Strona główna Wishlista Recenzje

czwartek, 21 listopada 2013

Dwa nowe pędzle.. HAKURO

Pokazywałam Wam w jednym z ostatnich postów jak wygląda mój pędzel do różu z Kozłowskiego (klik). Cóż stało się, więc postanowiłam zamówić coś co zauważyłam poleca wiele dziewczyn i zbiera dużo pozytywnych ocen na wizażu. A mowa tu o pędzlu do różu H24 z HAKURO.
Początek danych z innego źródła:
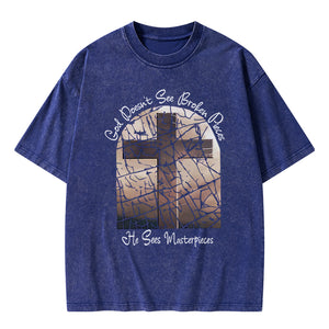 God Dosen't See Broken Pieces Christian Washed T-Shirt

Po jednym z filmów Asi (PannaJoanna), która pokazała ten pędzel w swojej złotej pędzlowej piątce podjęłam decyzje o jego zakupie. Dodatkowym czynnikiem skłaniającym mnie do zakupu owego pędzla był fakt, że podobno syntetyczny Hakuro "zjada" mniej produktu MAC niż te wykonane z włosia naturalnego. Asia opowiadała w filmie jak to w ekstremalnie szybkim tempie doszła do denka w swoim różu MAC (które jak powszechnie wiadomo słyną ze swojej szalonej wydajności), ktoś jej podpowiedział, że być może wina leży w pędzlu i w tym, że używa tego różu z pędzlem z włosia naturalnego. Okazało się to prawdą. Hm, nie będę kłamać, że był to również kolejny czynnik, który pchnął mnie w stronę pędzla syntetycznego.




W każdym razie wracając do tematu. Hakuro kosztował mnie około 25 zł, zamawiałam z allegro, a ponieważ nie lubię tracić pieniędzy na bezsensowne wysyłki zawsze przeglądam co tam ciekawgo dany sprzedawca ma w swojej ofercie. Skusiłam się na drugi pędzel również z firmy HAKURO, H79 - pędzel do blendowania.



Podobno ma być to odpowiednik słynnego już pędzla z MAC 217. Także teraz już posiadam dwa takie odpowiedniki -pierwszym z nich jest Maestro 497. Po pierwszych testach mam dość mieszane uczucia, no ale zobaczymy jak to będzie z czasem. Kosztował mnie około 16 zł.

Za jakiś czas pokażę Wam moją trzecią już aktualizację pędzelkową - znowu pozbyłam się kilku egzemplarzy, także moja uszczuplona "kolekcja" prezentuje się okazale i funkcyjnie. Nie chce gromadzić nie potrzebnie setki pędzli tylko po to by je mieć i by leżały w etui czy żeby kurzyły się w stojaku.

Dajcie znać czy może któraś z Was używa pędzli z Hakuro i jak się u Was sprawdzają.
M.

3 komentarze:

  1. Mam H21 - z włosia naturalnego, ale H24 przydałby mi się bardzo :))

    OdpowiedzUsuń
  2. Dopiero trafiłam na Twojego bloga, a już wiem, że będę stałą bywalczynią. :) Powiedz proszę, który pędzel w ostatecznym rozrachunku polecasz bardziej do blendowania? I jak sprawdza się pedzel do rozu? Pozdrawiam!

    OdpowiedzUsuń
    Odpowiedzi
    1. hm żaden z nich nie jest mega idealny, ale chyba Hakuro wygrywa ;) Pedzel do różu z Hakuro jest obłędny i sprawdza się świetnie ;)

      Usuń

Bardzo dziękuję za każdy komentarz, sprawia mi on ogromną radość :)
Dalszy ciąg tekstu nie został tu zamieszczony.